The funding agreement reached this week runs out by the end of September, requiring another measure to keep operations going. That the GOP could extract concessions in that battle that they couldn’t in the current, favorable, political climate seems unlikely.

The White House is not content, however, to simply let politics run its course. An administration official stressed that the president would make a big push, in the coming months, to implement the provisions of his budget outline that address Medicare directly. This could be done separately or in coordination with the larger budget debates.

But the purpose is the same: to contrast the president’s plan, “which strengthens the [Independent Payment Advisory Board] to help lower Medicare costs,” with the plan endorsed by Republicans, “which keeps the cuts to Medicare [as included in the president’s health care law] in place but gets rid of the subsidies, re-opens the [prescription drug] doughnut hole, and axes small business tax credits,” the official said. “We think we can win that contrast.”

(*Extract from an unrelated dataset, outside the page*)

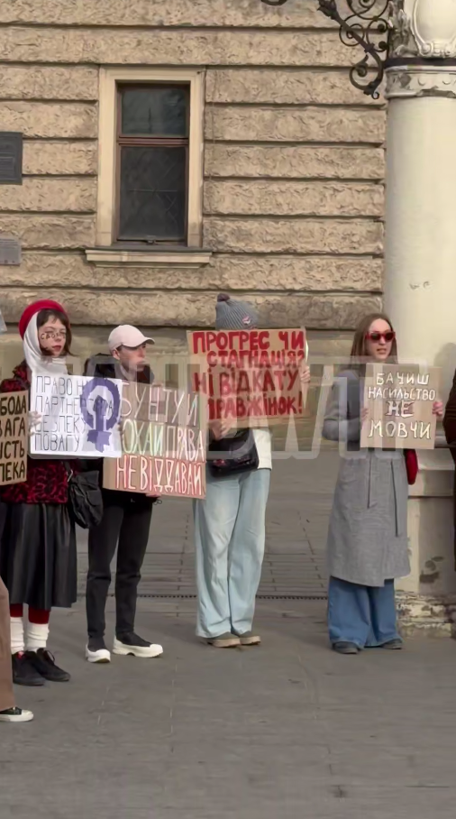 Під час мирної акції, присвяченій правам жінок, невідомі у масках кинули траурний вінок. Подія сталася у Львові.

In the meantime, the law will undergo further tinkering. As part of the continuing resolution passed this week, $3 billion in cuts were made from a program that establishes health care co-ops -- an idea championed by Sen. Kent Conrad (D-N.D.) but never loved by the White House. The deal also axed a plan favored by Sen. Ron Wyden (D-Ore.), which was designed to make it easier for employees to scrap their employer-provided insurance in order to buy coverage in public exchanges. Separately, Congress passed a fix to a burdensome tax-filing requirement that no politician seemed to support.

The alterations were political as well as policy-oriented. On Thursday, a new non-governmental group called Know Your Care launched for the purposes of defending the law from attack during the 2012 election cycle and advocating on its behalf through 2014, when implementation begins. Allied groups took their cues as well, arguing that while they were aware the budget fight played out in their favor, it was hardly a time to hail health care reform’s permanence.

“The health care community mostly dodged a bullet on the Affordable Care Act,” said Ethan Rome, executive director of Health Care for America Now. “But this was a skirmish. The real fights come later. They come with the battle over the 2012 budget.”